Problem: Leave the images out, and otherwise write out each entry exactly.

Collection entries
=== Begin Enclosure ===
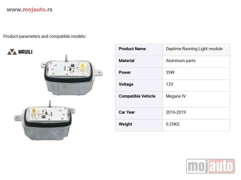 Na prodaju novi LED moduli za dnevna svetla (DRL) namenjeni za Renault Megane IV (2016-2022). Ako vam je dnevno svetlo u obliku slova "C" promenilo boju u žuto ili prestalo da radi, ovo je deo koji vam je potreban. Kataloški brojevi (OE oznake):
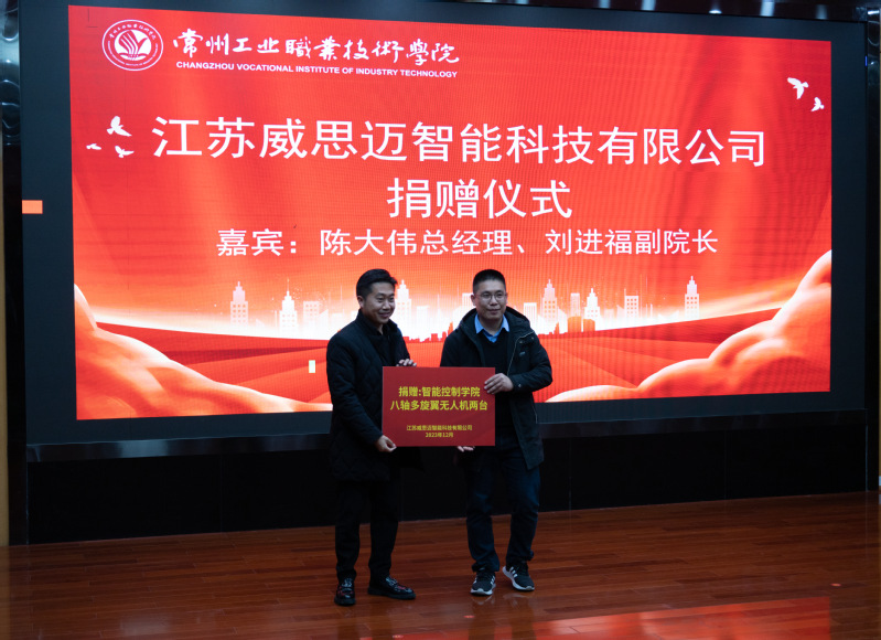 表彰大会伊始,陈大伟代表江苏威思迈智能科技有限公司向VSport体育捐赠两台八轴多旋翼无人机。刘进福表达了对企业的热烈欢迎和衷心感谢,双方合影留念。千里同好,坚于金石,企业是公司高质量发展的重要资源。江苏威思迈智能科技有限公司自2020年与VSport体育开展校企合作项目以来,在无人机执照培训和课程建设上取得了一系列成果。此次捐赠将为公司发展注入新动能,公司也将以此为契机,教育激励广大学子,将这份爱心转化为努力成长成才的不竭动力。
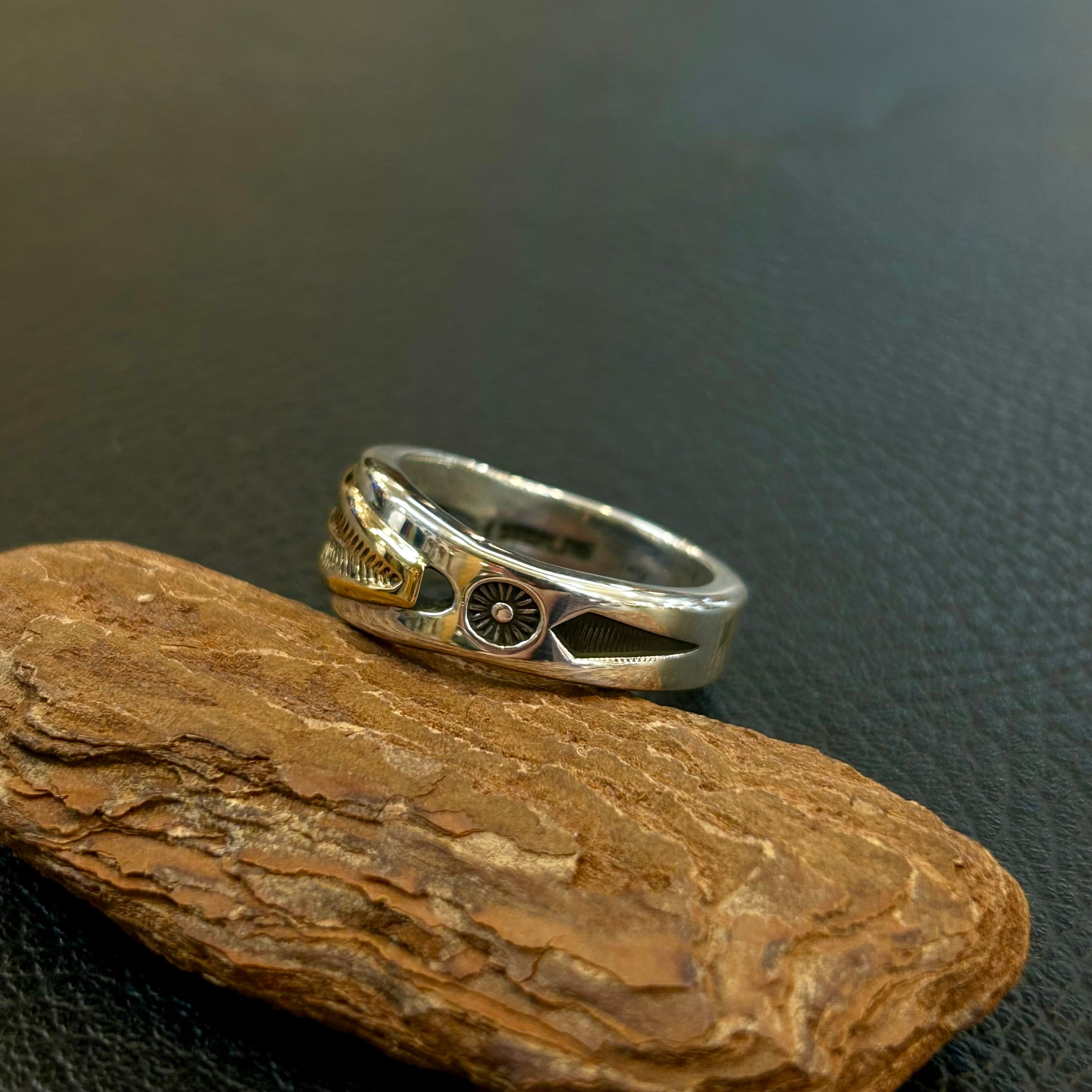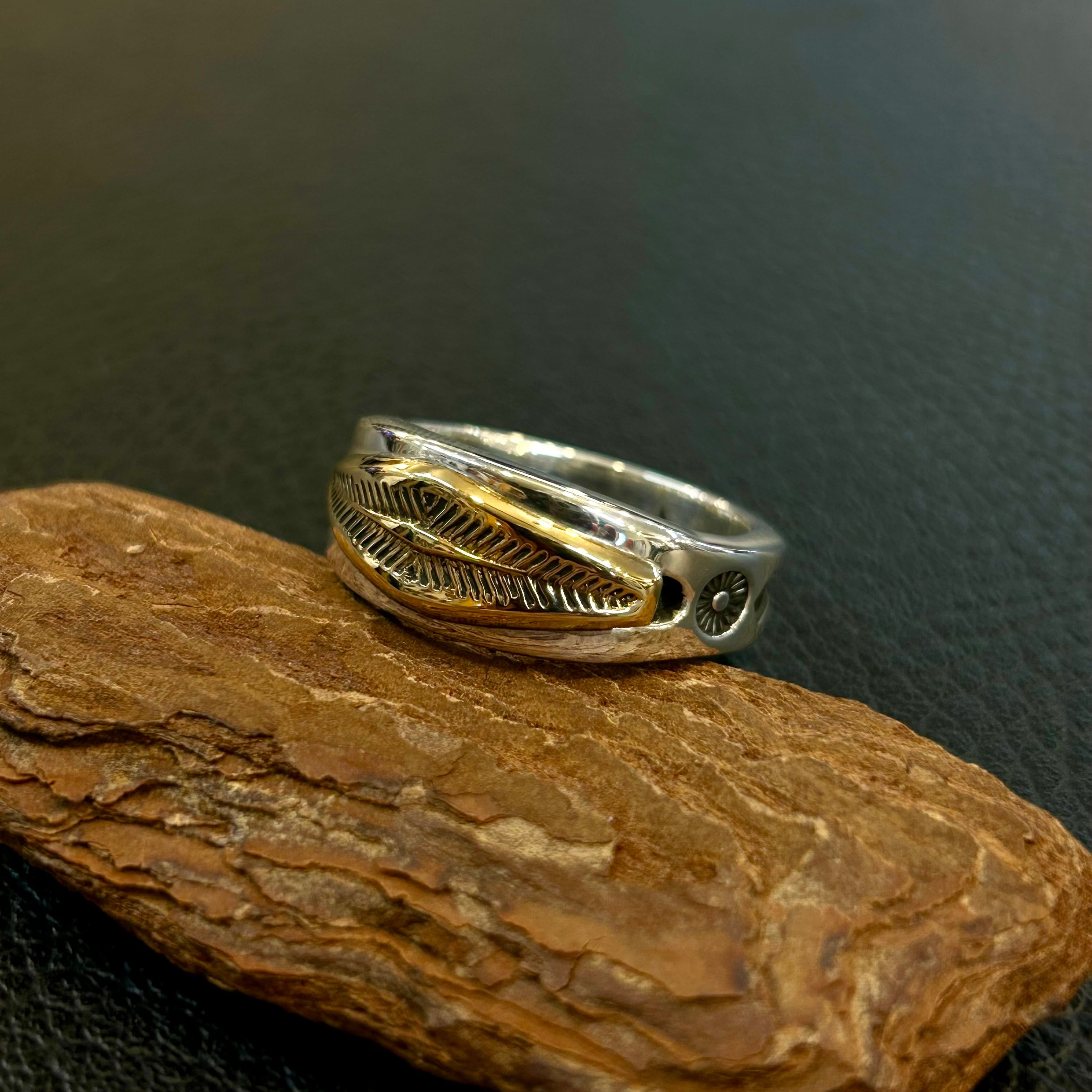 滑らかなシルバーに深く打たれたスタンプが特徴的です‼️
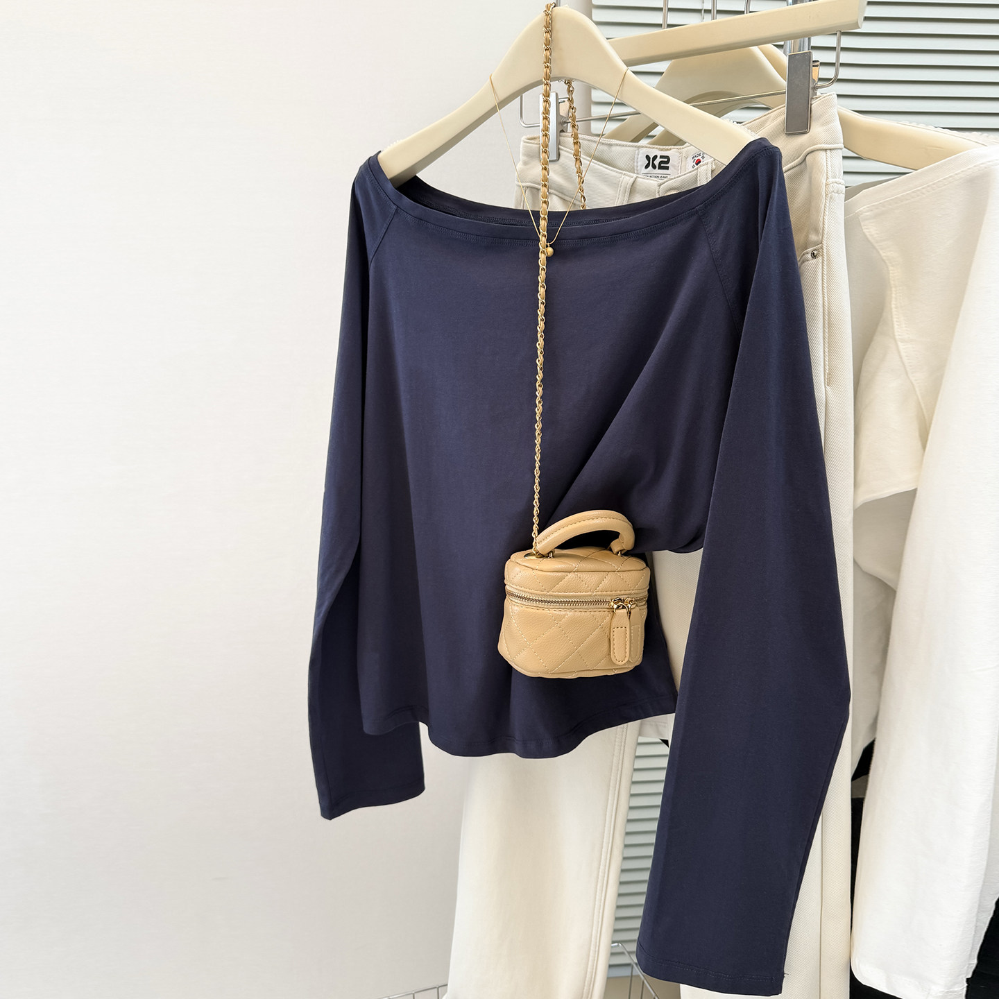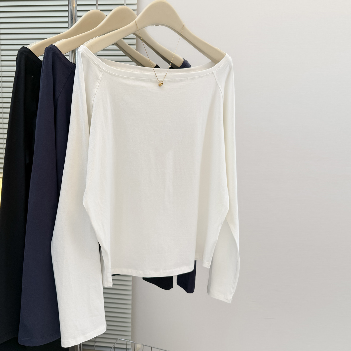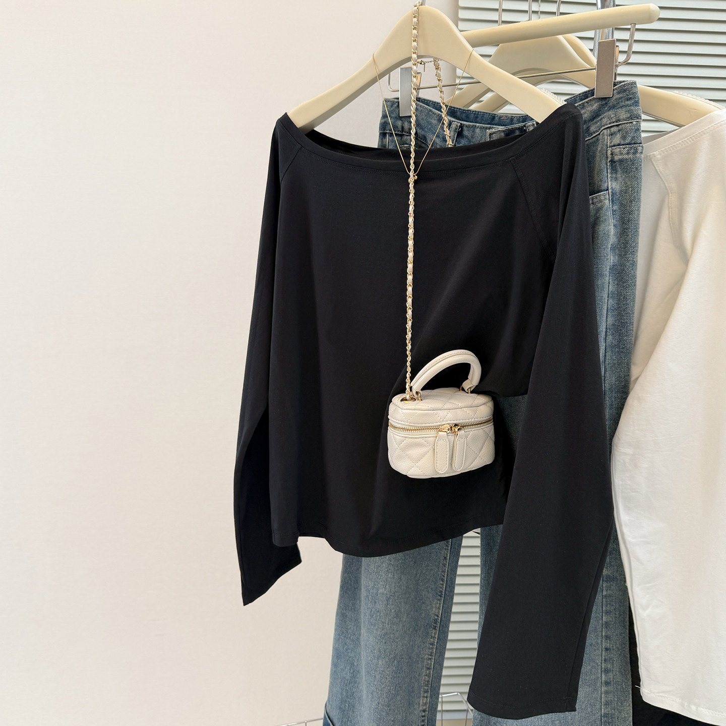 内搭打底衫 一字肩长袖 宽松韩版 新款 辣妹露肩上衣 T恤女2026春秋季
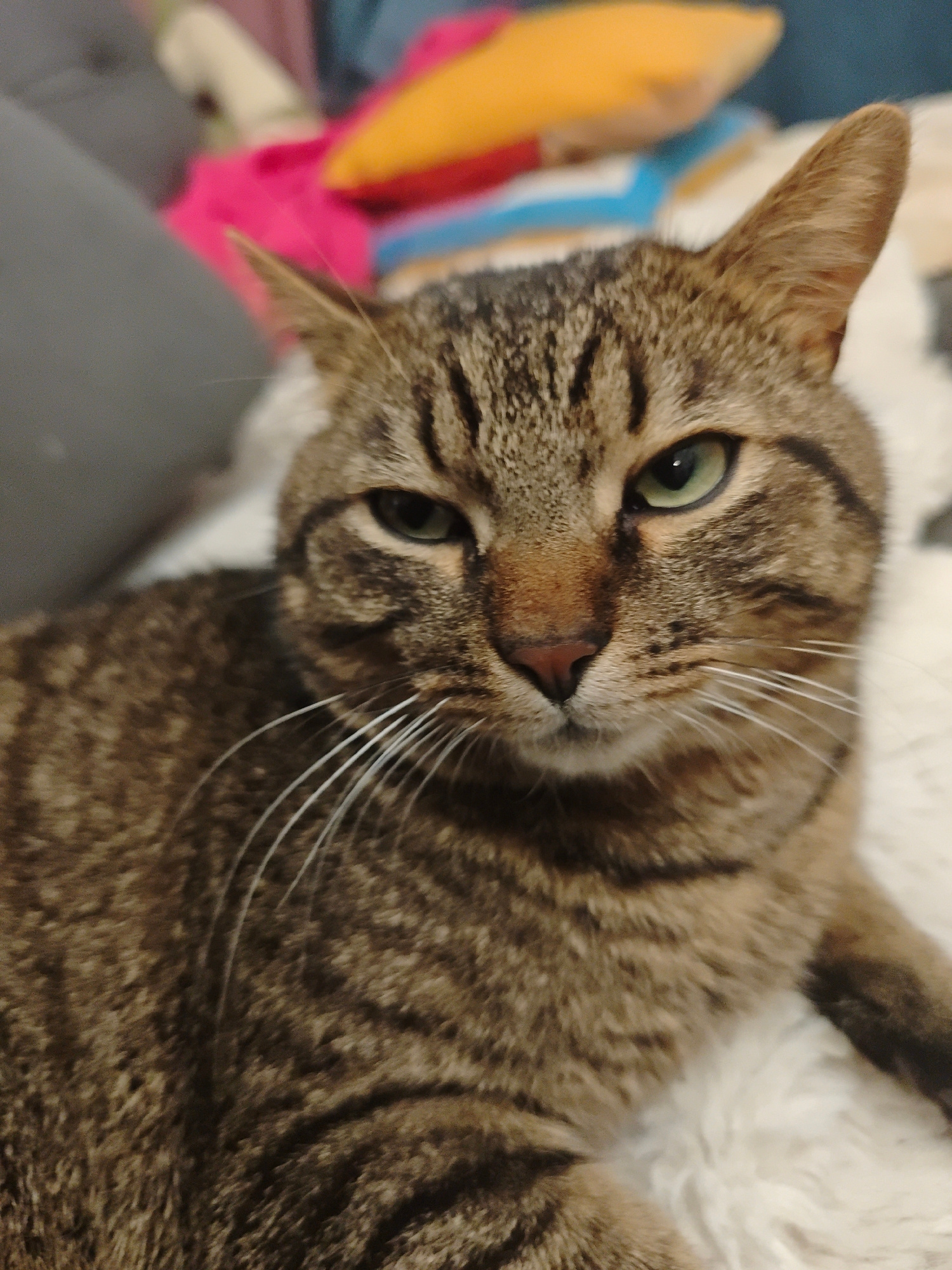 A close-up portrait shows a domestic tabby cat resting indoors. The cat has short, brown and black striped fur with a lighter underbelly. Its eyes are a vibrant green, with the left eye (viewer's left…read more
=== End Enclosure ===
Response area:
 Na prodaju novi LED moduli za dnevna svetla (DRL) namenjeni za Renault Megane IV (2016-2022). Ako vam je dnevno svetlo u obliku slova "C" promenilo boju u žuto ili prestalo da radi, ovo je deo koji vam je potreban. Kataloški brojevi (OE oznake):
 表彰大会伊始,陈大伟代表江苏威思迈智能科技有限公司向VSport体育捐赠两台八轴多旋翼无人机。刘进福表达了对企业的热烈欢迎和衷心感谢,双方合影留念。千里同好,坚于金石,企业是公司高质量发展的重要资源。江苏威思迈智能科技有限公司自2020年与VSport体育开展校企合作项目以来,在无人机执照培训和课程建设上取得了一系列成果。此次捐赠将为公司发展注入新动能,公司也将以此为契机,教育激励广大学子,将这份爱心转化为努力成长成才的不竭动力。
 滑らかなシルバーに深く打たれたスタンプが特徴的です‼️
 内搭打底衫 一字肩长袖 宽松韩版 新款 辣妹露肩上衣 T恤女2026春秋季
 A close-up portrait shows a domestic tabby cat resting indoors. The cat has short, brown and black striped fur with a lighter underbelly. Its eyes are a vibrant green, with the left eye (viewer's left…read more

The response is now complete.